How do we build a better charging infrastructure?

The entire country’s EV charging infrastructure is new. Collectively, the entire United States is still in the midst of figuring out how we make an effective and profitable charging infrastructure, for better or worse.

I reached out to Stable Auto, a new startup focused on helping commercial would-be EV charging tenants ascertain where and what kind of EV charging stations they should install. According to research from Stable Auto, the vast majority of DC fast chargers are underutilized; most of them sitting idle, burning a hole in the tenant’s pocket. Stable Auto claims to have invented an algorithm, a secret sauce of sorts, that holds the key to a profitable charging station.
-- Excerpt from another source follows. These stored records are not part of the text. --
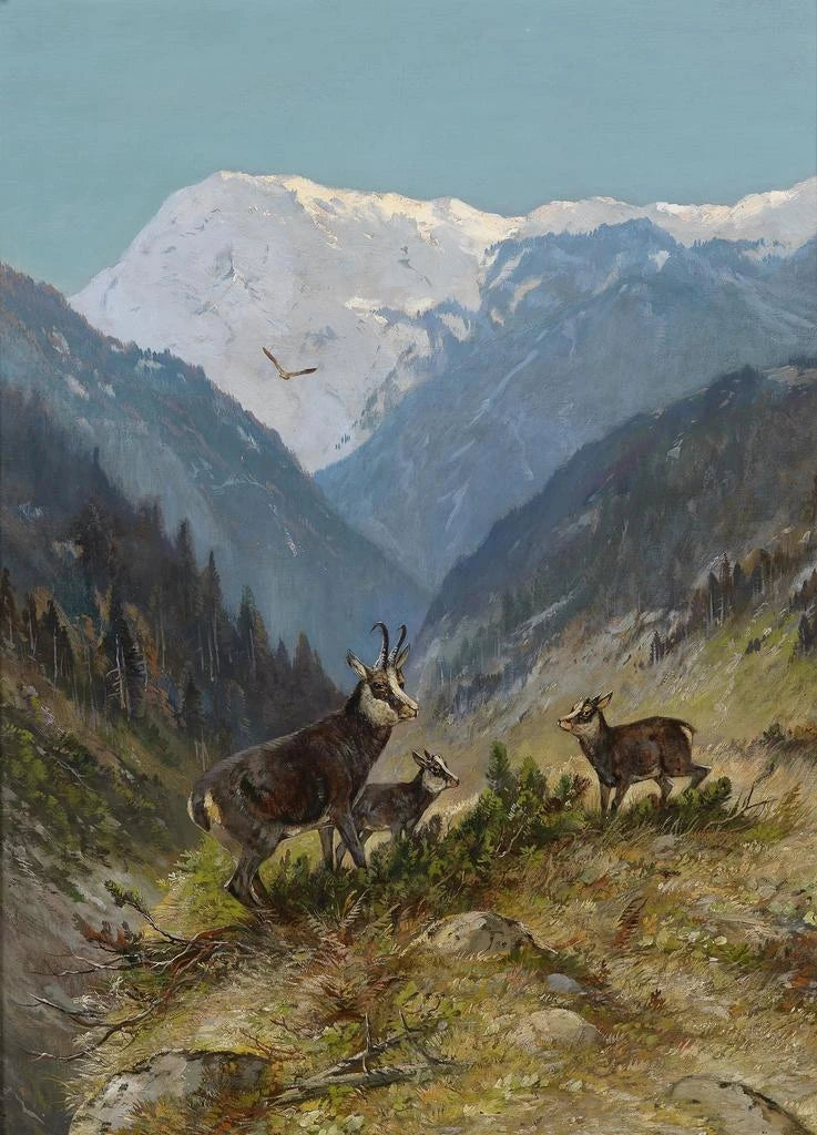 Moritz Müller, pintor animalista del siglo XIX, es reconocido por su capacidad para inmortalizar la fauna en su hábitat natural. Su obra se inscribe en un contexto artístico donde la observación de la naturaleza se vuelve primordial, influenciado por el romanticismo y el realismo. Müller supo combinar su pasión por la pintura con su amor por los animales, lo que le permitió crear obras que trascienden el simple retrato animalista. La impresión artística del rebaño de chamois es un ejemplo perfecto de su talento, ilustrando no solo la belleza de los animales, sino también su lugar en el ecosistema montañés.
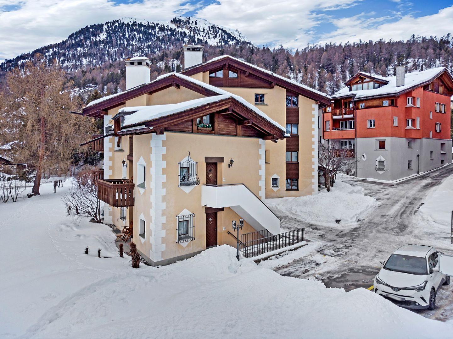 Chesa Ils Battafös (die Feuerschläger) ist im Engadinerstil gebaut und wurde im März 1987 fertiggestellt. Das Haus liegt am Rande des Dorfkerns in Richtung Sils-Maloja an ruhiger und sonniger Lage. Langlaufloipen und Wanderwege befinden sich in unmittelbarer Umgebung. Der Corvatsch, im Winter Skigebiet und im Sommer Ausgangspunkt vieler Wanderungen, befindet sich auf der rechten Seeseite im Dorfteil Surlej, ca. 700 m entfernt. Der Sportbus fährt im Winter jede halbe Stunde in alle Richtungen.
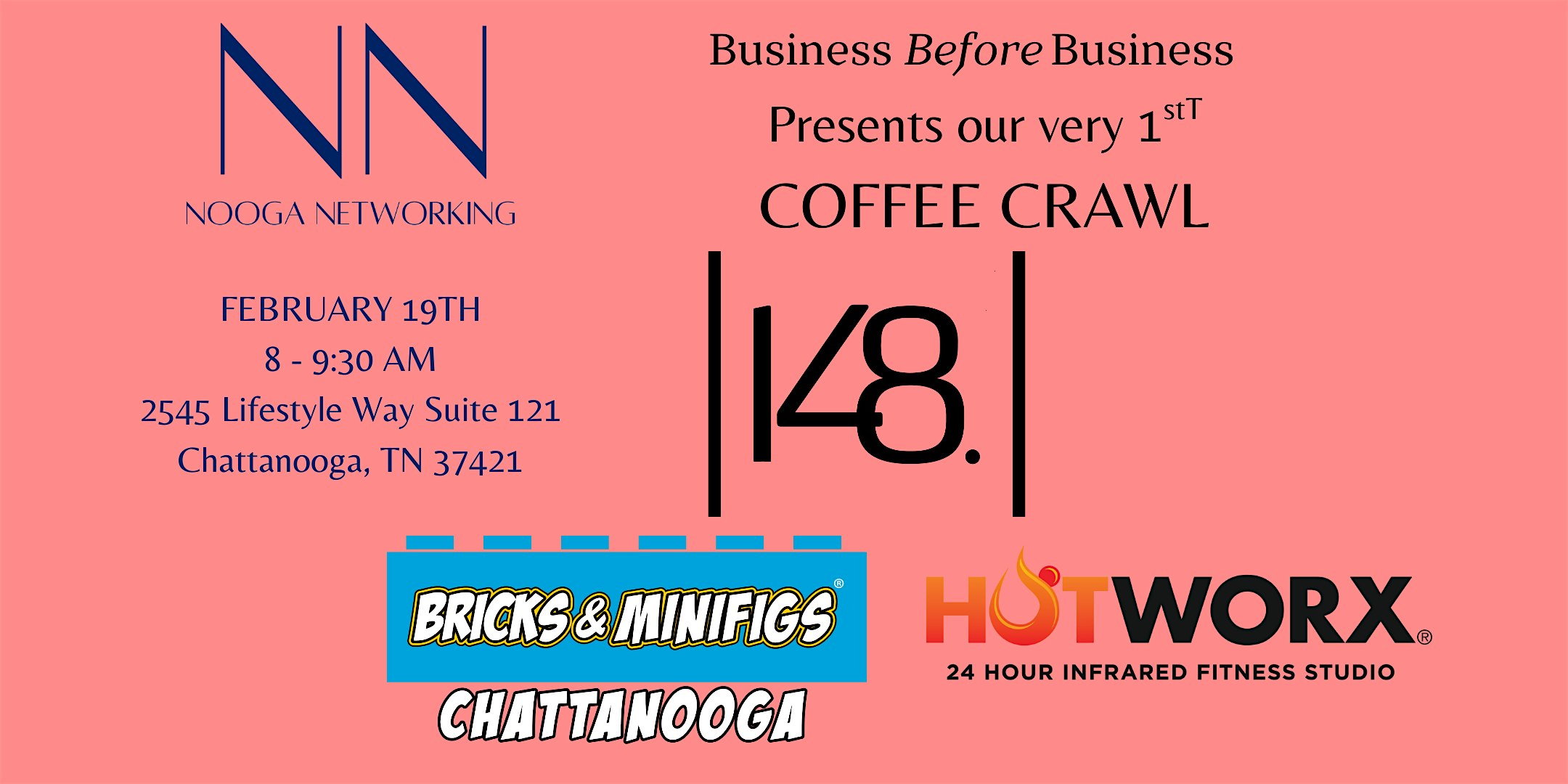 by admin12Feb Nooga Networking Coffee Crawl with 148 Films, Hotworx, and Bricks & Minifig at 148 Films. – Chattanooga, TN Nooga Networking Coffee Crawl with 148 Films, Hotworx, and Bricks & Minifig at 148 Films. – Chattanooga, TN 1 1 people viewed this event. Join Nooga Networking for our first ever Coffee Crawl. We will be meeting at 148 Films to kick off a Business Before Business with 3 venues! Tickets-RSVP Link Date And Time Thursday, February 19th, 2026 01:00 PM (PST) Venue 148 Films. Location 2545 Lifestyle Way, Chattanooga, TN 37421 Event Types Other Event Category ChattanoogaTennessee Share With Friends Facebook Twitter Linkedin Xing Pinterest Share This Post:
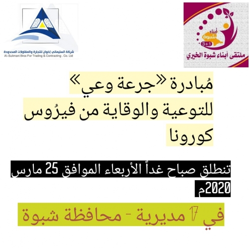 «أبناء شبوة الخيري» يطلق مُبادرة «جرعة وعي» للوقاية من كورونا يستعد ملتقى أبناء شبوة الخيري 1+3 برعاية وتمويل شركة السليماني إخوان للتجارة والمقاولات المحدودة ، ل...
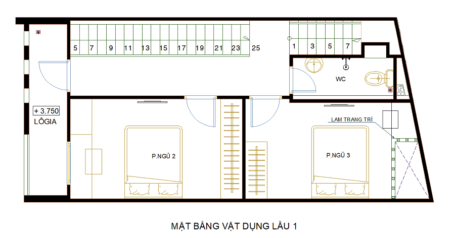 Mặt bằng lầu 2 mẫu nhà phố 5x10m 3 tầng tại Đức Trọng.
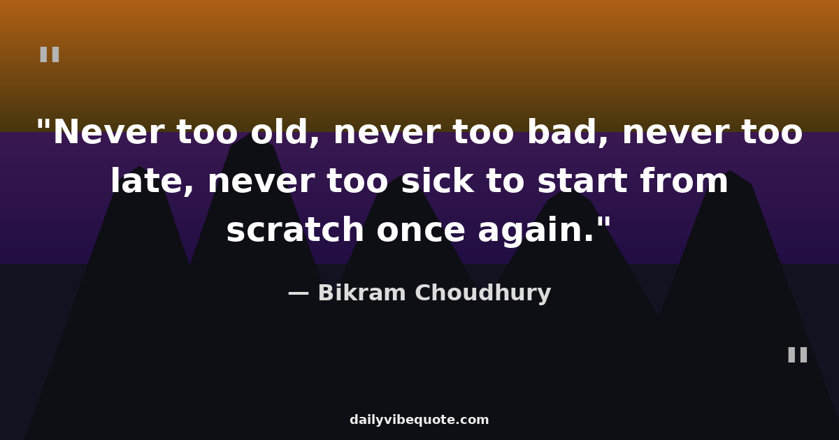 "Never too old, never too bad, never too late, never too sick to start from scratch once again."
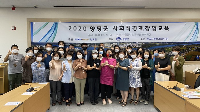 경기 양평군이 28일부터 사회적경제에 대한 인식개선 및 역량있는 사회적경제 기업가 양성을 위한 ‘2020년 양평군 사회적경제 창업교육’을 개강했다. 이번 교육은 오는 9월10일까지 기본, 심화, 창업컨설팅 등의 과정으로 진행된다. 사진은 개강식에서 관계자들이 기념촬영을 하는 모습. (사진제공=양평군청)
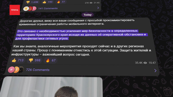 Четвертые сутки Красноярск живёт без мобильного интернета. Сегодня, наконец, свой комментарий дал губернатор края Михаил Котюков. Руководитель региона пояснил, что интернет отключен для защиты жителей и инфраструктуры.
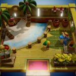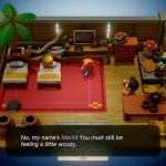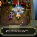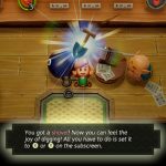 Esse elemento agrada a muitos aspectos dentro do jogo. Talvez não das masmorras, onde o visual tende a ser mais repetitivo e sem tantos elementos de cenário, mas, por exemplo, torna bem legal as quests de troca de objetos que se faz presente no mapa principal do jogo. Aqui o jogador ganha um objeto e vai trocando por outros, com os mais diferentes NPCs. É bem legal a reação de cada um, e certas piadinhas que existem dentro dessas etapas, incluindo a foto da Peach (de Super Mario) ser entregue a um destes personagens. Há muito humor em Link’s Awakening. É uma forma também que o jogo encontrou para fazer o jogador conversar e conhecer todos os excêntricos personagens da ilha.
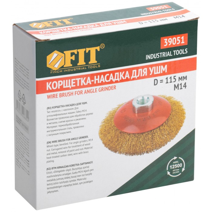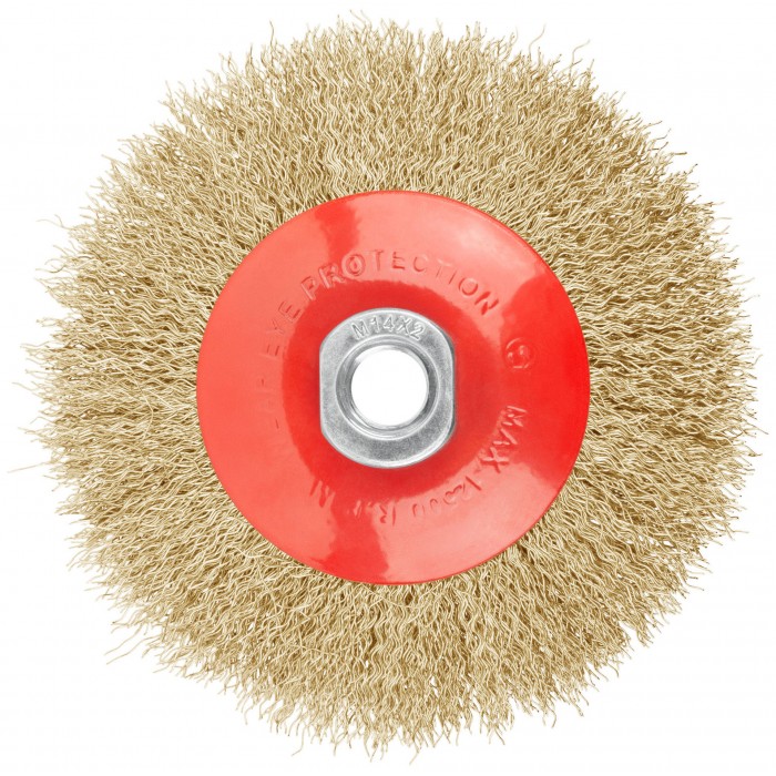 Тип «колесо», с наклоном, гайка М14. Для УШМ. Материал: стальная, латунированная, волнистая проволока. Упаковка: картонная коробка.
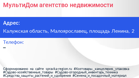 МультиДом, агентство недвижимости по адресу Калужская область, Малоярославец, площадь Ленина, 2 в дальнейшем Организация, размещена в следующих категориях:
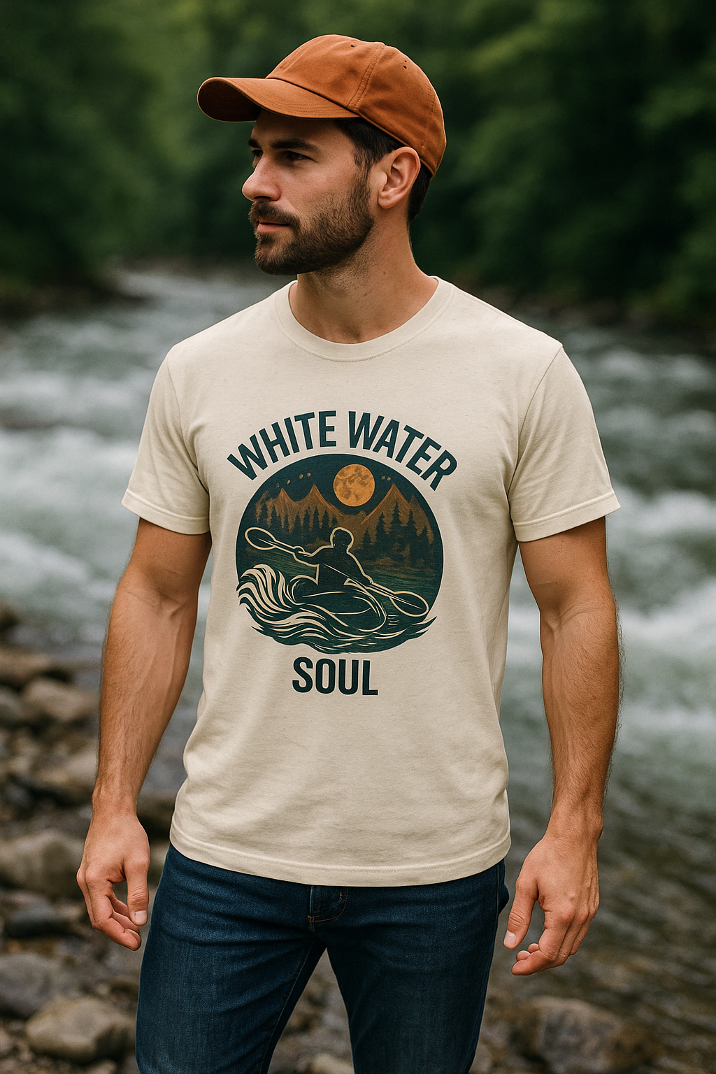 For the wild-hearted wanderers and river roamers — this Whitewater Soul T-Shirt is made for those who feel most at home on the water 🌊✨. Crafted from 100% ring-spun cotton, it's lightweight, soft, and built to move with you, whether you're paddling rapids or relaxing at the campfire.
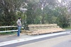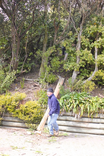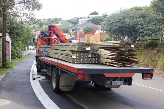 The wood arrives! Too big to fit down the drive, so it is shunted through the bush.
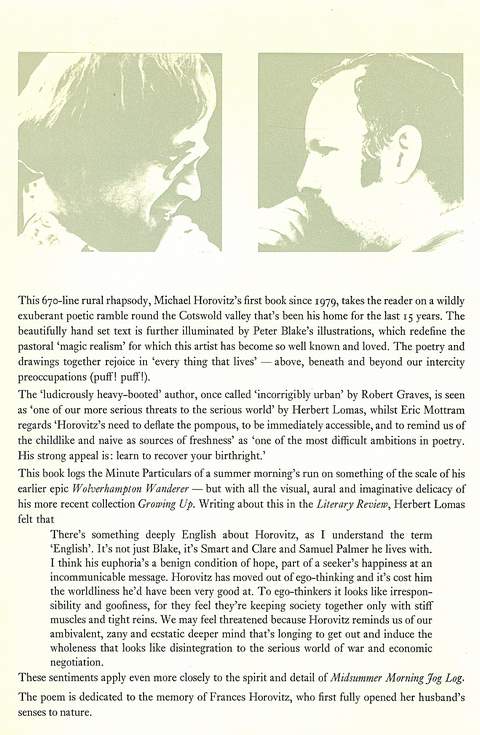 With drawings by Peter Blake, four full-page b&w drawings and one page heading, 40pp in all, sewn paperback, very slight crease to spine, otherwise in very good condition, Five Seasons Press (Madley, Herefordshire) 1986
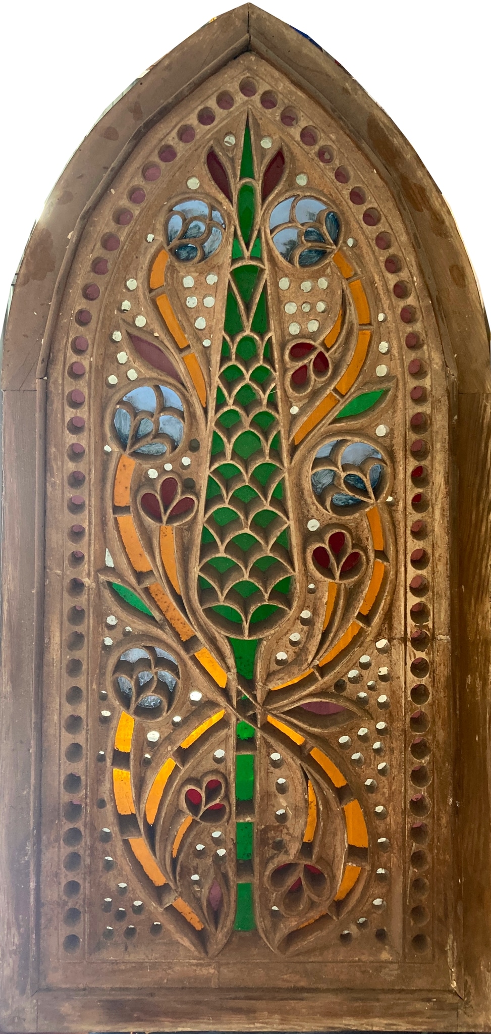 Owing to the formal, compositional, and technical characteristics of the window, Thierry Liot’s assumption that it may also have belonged to the late 18th-century Damascene house from which the ceiling, mihrab, and woodwork of Loti’s ‘mosque’ at Rochefort are thought to have originated (Liot, 1999, p. 130; see also Giraud-Heraud, 1996, pp. 64–65) has to be rejected. In fact, it is much more likely that this window, together with IG_427, IG_428, and IG_430, is a replica made in France on the basis of IG_426. The pointed-arch form of the stucco panel and the unusual outline of the flower tendrils point to a Western designer, perhaps Loti himself, and the extremely flat surface of the stucco grill is very different from windows manufactured in Egypt, including IG_426. While the stucco latticework of traditional Islamic windows such as IG 426 is carved, it seems that the grille of this window was cast; moreover, the pieces of glass used in this window differ from those of IG_426 on account of their regular shape (especially in the border area) and large size (they back several openings of the stucco lattice at once). These observations support the assumption that the replica was made in France and not in Egypt. Very atypical for Islamic stucco and glass windows also are the round pieces of glass backing entire rose blossoms, which in all the other windows examined within the project are backed by several smaller pieces. It is unclear whether the round pieces of glass here are original, or whether they are replacements made in the course of an undocumented restoration.
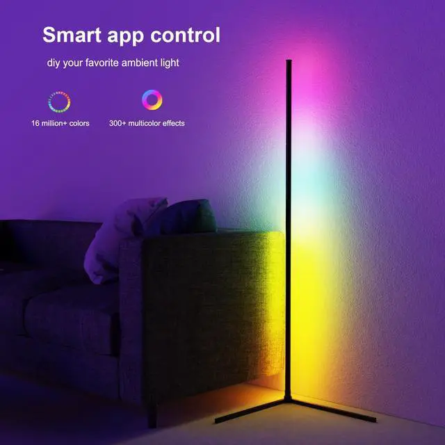DIY various lighting atmospheres This cnrner floor lamp has 16 million colors and 213 light dynamic modes, you can have very cool ambient lighting in different usage scenarios such as living room, bedroom, game room and partysuitable for Christmas gifts.
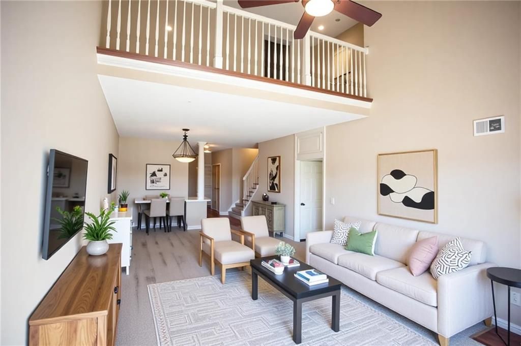 Welcome to this beautiful home in the highly sought-after Quincy Court of Lionsgate, a gated, maintenance-provided community with amazing neighbors and fantastic amenities! Step onto your south-facing deck, built in fall 2022 with durable composite materials designed to last a lifetime, and enjoy breathtaking open views of lush green space - it's like having your own vacation retreat just outside your living room! Inside, the main bedroom is conveniently located on the first floor, featuring a bathroom equipped with grab bars for added safety. Upstairs, you'll find two additional bedrooms and a full bathroom, providing ample space for family or guests. This home is move-in ready, with brand-new paint and carpet throughout (July 2024). The kitchen has been beautifully updated with a newly installed granite countertop, designer stainless steel sink, and stylish faucet, making it as functional as it is stunning. Recent upgrades include an A/C unit less than two years old, a new water heater, and a new washing machine (fall 2023). Plus, the huge unfinished basement offers endless possibilities for storage or future expansion. Located within walking distance to Lakewood Elementary and Middle Schools, this home also offers easy access to Highway 69 and Corbin Park's fantastic restaurants and shopping. No more cutting the lawn or shoveling snow! Those services and outside maintenance, including all roof repairs/replacement PLUS your Homeowners Insurance are included in the HOA Fee! With a neighborhood pool, gated security, and maintenance-provided living, this home offers it ALL!
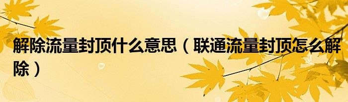 解除流量封顶什么意思(联通流量封顶怎么解除)
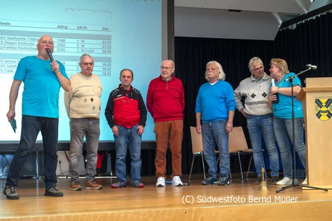 Von links: Hans-Jörg Schmid, Dieter Franke, Hans Flaig, Klaus Walter, Bernd Müller, Ewald Walker und Susanne Hezel

But that doesn’t fix everything, does it? Companies like Stable Auto operate in the parameters that they give their algorithm; meaning, it relies on information like EV registration numbers, and the area’s median income. According to the Fuels Institute, the average EV owner as of 2019, has a median income of over $100,000. That’s nearly three times the income of Toledo, OH, and nearly double that of Columbus, Ohio. Naturally, I expect most EV charging solutions generated with traditional capitalist profit models will cater to the well-off, ignoring the lower-income, who would arguably benefit the most from the promise of cheap, clean, low maintenance driving.

The more people I asked, the more I realized I was never going to get a magic bullet solution. Sure, we can glibly say “well, fix the chargers, duh!” But, how? Through what mechanism do we have to force a tenant to maintain them? At least from what I’ve learned, there isn’t any real incentive. There are some plans to establish charging infrastructure in lower-income areas, but not much talk about how to maintain them in the future.

The Biden Administration’s “Build Back Better” plan does give billions of dollars to state governments to jumpstart charging infrastructure, but how this plan will be implemented still remains to be seen. The Biden Administration did establish new protocols, and a request for information to generate data on where, and how chargers should be placed, especially among highway corridors. Wherever the government determines to install chargers, maintenance is included in the use case consideration. We won’t know for a long time what that will all look like, though.

Building an equitable, usable EV charging infrastructure will likely be a long, bumpy road, with several solutions from many interested parties, both private and public. I don’t really care, I just want cheap, reliable way for Americans to get electrons in their electric cars.